Your job is to retype all of the data word for word, leaving every image out.

| DATA SECTION |
──────────
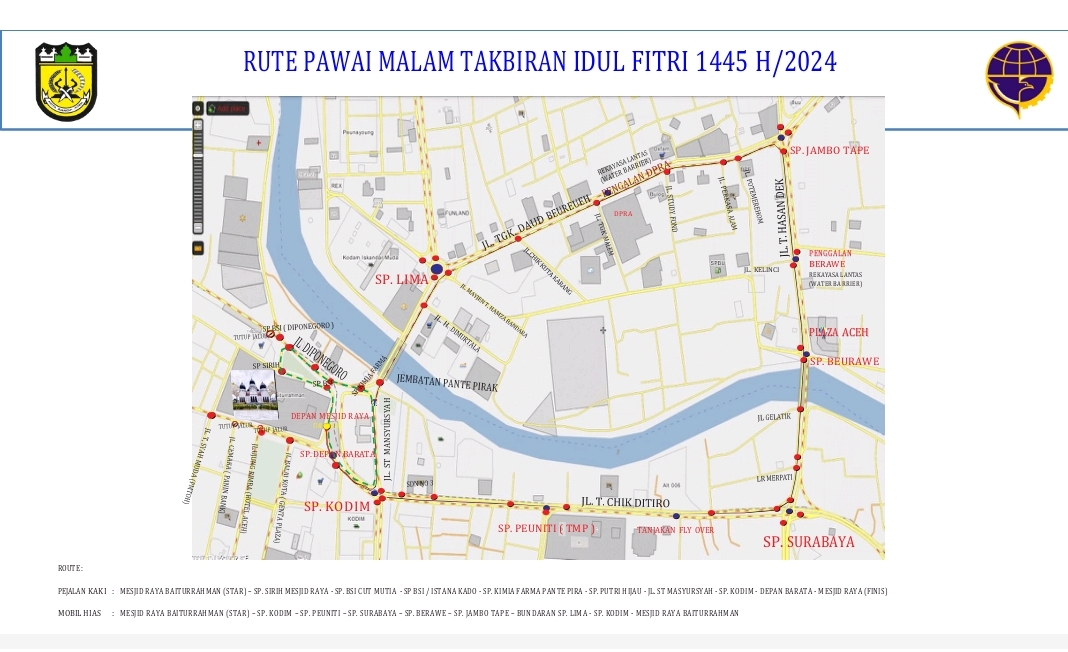 BANDA ACEH – Rute resmi untuk Pawai Takbir Keliling Idul Fitri 1445 H di Banda Aceh telah ditentukan melalui rapat yang diadakan pada Senin (8/4/2024) di Mapolresta Banda Aceh.
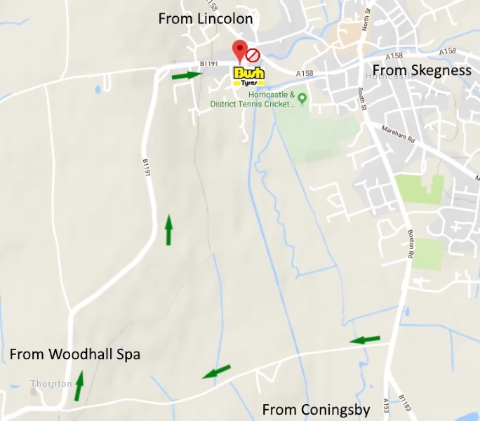 From A158 Lincoln side of Horncastle turn onto the B1190 towards Bardney. Take your first turn left, just before The Durham Ox pub. Follow the road to the ‘T’ junction and turn left. Next ‘T’ junction turn left onto the B1191. Follow the road to the bottom where you will see Bush Tyres on your right.
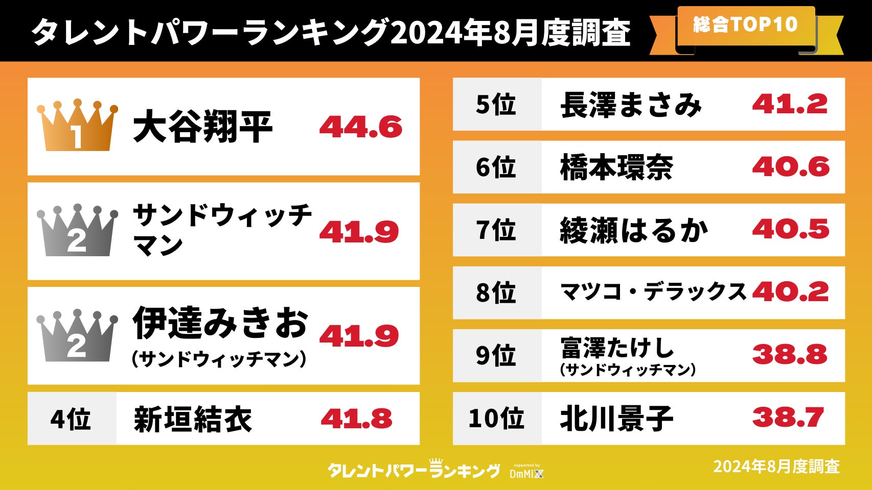 「タレントパワーランキング」2024年8月度調査(第3四半期)の総合トップ10を発表!
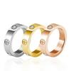 Titanium Steel Couple Ring Fashion Rose Gold Stainless Steel Six Rhinestone Ring Gift for Men and Women ADM
──────────
| THE ANSWER |
 BANDA ACEH – Rute resmi untuk Pawai Takbir Keliling Idul Fitri 1445 H di Banda Aceh telah ditentukan melalui rapat yang diadakan pada Senin (8/4/2024) di Mapolresta Banda Aceh.
 From A158 Lincoln side of Horncastle turn onto the B1190 towards Bardney. Take your first turn left, just before The Durham Ox pub. Follow the road to the ‘T’ junction and turn left. Next ‘T’ junction turn left onto the B1191. Follow the road to the bottom where you will see Bush Tyres on your right.
 「タレントパワーランキング」2024年8月度調査(第3四半期)の総合トップ10を発表!
 Titanium Steel Couple Ring Fashion Rose Gold Stainless Steel Six Rhinestone Ring Gift for Men and Women ADM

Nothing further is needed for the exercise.